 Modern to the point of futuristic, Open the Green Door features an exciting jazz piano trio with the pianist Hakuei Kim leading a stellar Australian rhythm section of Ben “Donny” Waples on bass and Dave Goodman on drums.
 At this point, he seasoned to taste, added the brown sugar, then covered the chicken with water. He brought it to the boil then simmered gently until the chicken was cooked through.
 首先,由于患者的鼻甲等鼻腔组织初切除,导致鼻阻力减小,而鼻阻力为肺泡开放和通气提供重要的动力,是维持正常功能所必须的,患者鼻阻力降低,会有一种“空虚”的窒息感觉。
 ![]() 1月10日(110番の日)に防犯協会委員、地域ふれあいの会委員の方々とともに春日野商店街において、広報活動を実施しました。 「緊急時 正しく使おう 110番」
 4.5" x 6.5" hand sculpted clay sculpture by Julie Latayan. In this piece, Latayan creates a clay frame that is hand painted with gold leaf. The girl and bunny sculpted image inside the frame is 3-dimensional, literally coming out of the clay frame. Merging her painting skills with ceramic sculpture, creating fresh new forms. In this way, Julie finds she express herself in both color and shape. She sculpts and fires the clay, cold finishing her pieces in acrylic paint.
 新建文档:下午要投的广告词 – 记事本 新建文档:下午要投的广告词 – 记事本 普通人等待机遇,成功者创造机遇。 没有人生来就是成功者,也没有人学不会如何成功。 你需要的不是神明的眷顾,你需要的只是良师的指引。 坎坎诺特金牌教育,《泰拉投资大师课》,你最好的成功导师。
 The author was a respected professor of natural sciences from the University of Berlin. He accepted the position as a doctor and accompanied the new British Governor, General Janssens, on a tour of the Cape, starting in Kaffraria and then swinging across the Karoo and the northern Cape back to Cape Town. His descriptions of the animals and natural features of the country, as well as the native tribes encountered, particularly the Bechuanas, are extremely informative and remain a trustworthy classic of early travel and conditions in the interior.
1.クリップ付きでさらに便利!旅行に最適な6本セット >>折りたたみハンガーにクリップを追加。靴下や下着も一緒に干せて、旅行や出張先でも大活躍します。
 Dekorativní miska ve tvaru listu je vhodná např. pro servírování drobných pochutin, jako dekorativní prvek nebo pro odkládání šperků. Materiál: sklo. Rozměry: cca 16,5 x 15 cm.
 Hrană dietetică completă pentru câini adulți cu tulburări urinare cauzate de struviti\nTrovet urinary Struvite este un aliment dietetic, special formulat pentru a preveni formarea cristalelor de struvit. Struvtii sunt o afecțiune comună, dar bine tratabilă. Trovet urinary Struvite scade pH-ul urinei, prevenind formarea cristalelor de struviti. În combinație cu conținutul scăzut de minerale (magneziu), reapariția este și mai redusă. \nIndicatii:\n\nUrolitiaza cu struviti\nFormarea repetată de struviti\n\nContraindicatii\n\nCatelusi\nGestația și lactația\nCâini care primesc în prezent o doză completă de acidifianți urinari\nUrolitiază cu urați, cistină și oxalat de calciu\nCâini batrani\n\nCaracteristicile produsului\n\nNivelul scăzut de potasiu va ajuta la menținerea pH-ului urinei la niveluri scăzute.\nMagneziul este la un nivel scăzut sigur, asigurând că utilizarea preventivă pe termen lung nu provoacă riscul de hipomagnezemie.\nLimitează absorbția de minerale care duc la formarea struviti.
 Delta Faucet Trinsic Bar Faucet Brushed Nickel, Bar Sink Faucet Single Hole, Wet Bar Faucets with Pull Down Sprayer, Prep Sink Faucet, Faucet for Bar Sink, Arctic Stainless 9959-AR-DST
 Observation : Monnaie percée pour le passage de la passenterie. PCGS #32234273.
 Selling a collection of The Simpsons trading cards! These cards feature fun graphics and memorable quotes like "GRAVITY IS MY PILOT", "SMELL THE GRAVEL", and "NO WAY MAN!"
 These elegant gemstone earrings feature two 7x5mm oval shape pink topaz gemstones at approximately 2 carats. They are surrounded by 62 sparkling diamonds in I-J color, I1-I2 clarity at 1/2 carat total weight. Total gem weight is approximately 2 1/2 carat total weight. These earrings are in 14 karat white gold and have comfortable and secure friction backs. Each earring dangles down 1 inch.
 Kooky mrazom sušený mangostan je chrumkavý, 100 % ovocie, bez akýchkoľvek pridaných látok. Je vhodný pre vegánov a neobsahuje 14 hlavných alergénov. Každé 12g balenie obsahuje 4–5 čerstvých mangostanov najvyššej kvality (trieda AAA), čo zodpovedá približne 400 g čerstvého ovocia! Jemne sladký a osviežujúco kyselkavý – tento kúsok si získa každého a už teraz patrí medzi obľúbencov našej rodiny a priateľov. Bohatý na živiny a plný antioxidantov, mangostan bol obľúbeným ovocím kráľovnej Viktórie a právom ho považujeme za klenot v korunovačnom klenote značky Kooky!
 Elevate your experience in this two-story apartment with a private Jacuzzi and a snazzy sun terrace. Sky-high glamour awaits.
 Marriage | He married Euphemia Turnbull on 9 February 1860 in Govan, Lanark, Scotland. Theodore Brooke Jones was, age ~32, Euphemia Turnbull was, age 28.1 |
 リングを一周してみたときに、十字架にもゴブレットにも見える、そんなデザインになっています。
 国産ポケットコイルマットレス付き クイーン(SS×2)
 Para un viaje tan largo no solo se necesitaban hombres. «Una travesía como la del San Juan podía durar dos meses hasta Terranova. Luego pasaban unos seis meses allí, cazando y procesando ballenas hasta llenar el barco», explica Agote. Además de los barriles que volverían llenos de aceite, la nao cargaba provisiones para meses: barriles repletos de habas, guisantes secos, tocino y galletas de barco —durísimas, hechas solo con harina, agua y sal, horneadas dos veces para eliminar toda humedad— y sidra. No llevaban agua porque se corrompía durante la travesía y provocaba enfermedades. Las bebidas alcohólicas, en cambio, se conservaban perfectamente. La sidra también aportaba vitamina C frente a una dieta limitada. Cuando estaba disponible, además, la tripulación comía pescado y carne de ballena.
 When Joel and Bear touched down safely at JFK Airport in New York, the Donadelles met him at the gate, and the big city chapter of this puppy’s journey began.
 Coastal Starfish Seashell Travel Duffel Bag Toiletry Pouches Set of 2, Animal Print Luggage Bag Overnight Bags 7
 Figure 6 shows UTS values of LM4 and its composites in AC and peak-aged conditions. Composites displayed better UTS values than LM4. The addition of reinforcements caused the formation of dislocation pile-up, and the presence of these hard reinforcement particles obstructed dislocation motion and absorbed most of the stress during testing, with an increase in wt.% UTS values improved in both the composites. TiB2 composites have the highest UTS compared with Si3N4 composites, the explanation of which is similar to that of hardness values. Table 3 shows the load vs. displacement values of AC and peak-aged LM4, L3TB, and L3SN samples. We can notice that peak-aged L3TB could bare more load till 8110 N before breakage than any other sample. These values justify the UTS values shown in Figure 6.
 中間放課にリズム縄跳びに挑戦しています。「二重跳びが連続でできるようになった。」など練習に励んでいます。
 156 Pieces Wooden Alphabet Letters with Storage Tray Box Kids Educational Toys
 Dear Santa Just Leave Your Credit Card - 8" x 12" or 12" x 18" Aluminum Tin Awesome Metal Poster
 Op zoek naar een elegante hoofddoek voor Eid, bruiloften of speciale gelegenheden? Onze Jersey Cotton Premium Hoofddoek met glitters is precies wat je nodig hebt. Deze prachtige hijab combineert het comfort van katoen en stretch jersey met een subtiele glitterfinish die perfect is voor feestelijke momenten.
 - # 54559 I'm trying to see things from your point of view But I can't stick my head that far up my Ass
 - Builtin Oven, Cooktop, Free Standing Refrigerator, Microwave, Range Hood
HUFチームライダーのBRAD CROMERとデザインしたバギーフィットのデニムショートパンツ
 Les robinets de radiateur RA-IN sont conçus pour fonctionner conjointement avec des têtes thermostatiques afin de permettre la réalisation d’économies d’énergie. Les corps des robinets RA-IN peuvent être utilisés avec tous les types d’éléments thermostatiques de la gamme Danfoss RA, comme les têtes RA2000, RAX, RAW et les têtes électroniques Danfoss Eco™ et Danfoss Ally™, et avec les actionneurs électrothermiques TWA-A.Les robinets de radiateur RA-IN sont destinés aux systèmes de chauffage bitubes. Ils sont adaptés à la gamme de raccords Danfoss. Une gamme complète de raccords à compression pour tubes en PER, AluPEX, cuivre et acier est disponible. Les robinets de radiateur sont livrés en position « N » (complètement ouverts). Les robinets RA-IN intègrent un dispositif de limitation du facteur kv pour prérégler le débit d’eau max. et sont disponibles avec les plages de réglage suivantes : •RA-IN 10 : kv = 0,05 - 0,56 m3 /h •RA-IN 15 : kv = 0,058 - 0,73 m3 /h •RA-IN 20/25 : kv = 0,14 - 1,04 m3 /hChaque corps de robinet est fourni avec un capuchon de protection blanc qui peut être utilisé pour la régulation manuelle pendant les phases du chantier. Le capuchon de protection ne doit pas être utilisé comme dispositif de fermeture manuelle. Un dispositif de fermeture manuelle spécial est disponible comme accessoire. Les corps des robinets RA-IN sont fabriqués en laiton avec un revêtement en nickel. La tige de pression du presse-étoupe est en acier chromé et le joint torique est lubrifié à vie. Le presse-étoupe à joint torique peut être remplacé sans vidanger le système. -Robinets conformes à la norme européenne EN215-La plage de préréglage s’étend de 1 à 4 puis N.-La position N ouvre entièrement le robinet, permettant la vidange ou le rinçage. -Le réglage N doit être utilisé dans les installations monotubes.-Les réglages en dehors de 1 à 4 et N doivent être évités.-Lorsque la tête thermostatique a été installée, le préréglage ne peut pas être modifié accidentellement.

▶ **Exercise aim**
Above are the records; repeat exactly the lines from the one holding "Op zoek naar" down to the one holding "HUFチームライダーのBRA", end lines included.

▶ **Response to this task**
 Op zoek naar een elegante hoofddoek voor Eid, bruiloften of speciale gelegenheden? Onze Jersey Cotton Premium Hoofddoek met glitters is precies wat je nodig hebt. Deze prachtige hijab combineert het comfort van katoen en stretch jersey met een subtiele glitterfinish die perfect is voor feestelijke momenten.
 - # 54559 I'm trying to see things from your point of view But I can't stick my head that far up my Ass
 - Builtin Oven, Cooktop, Free Standing Refrigerator, Microwave, Range Hood
HUFチームライダーのBRAD CROMERとデザインしたバギーフィットのデニムショートパンツ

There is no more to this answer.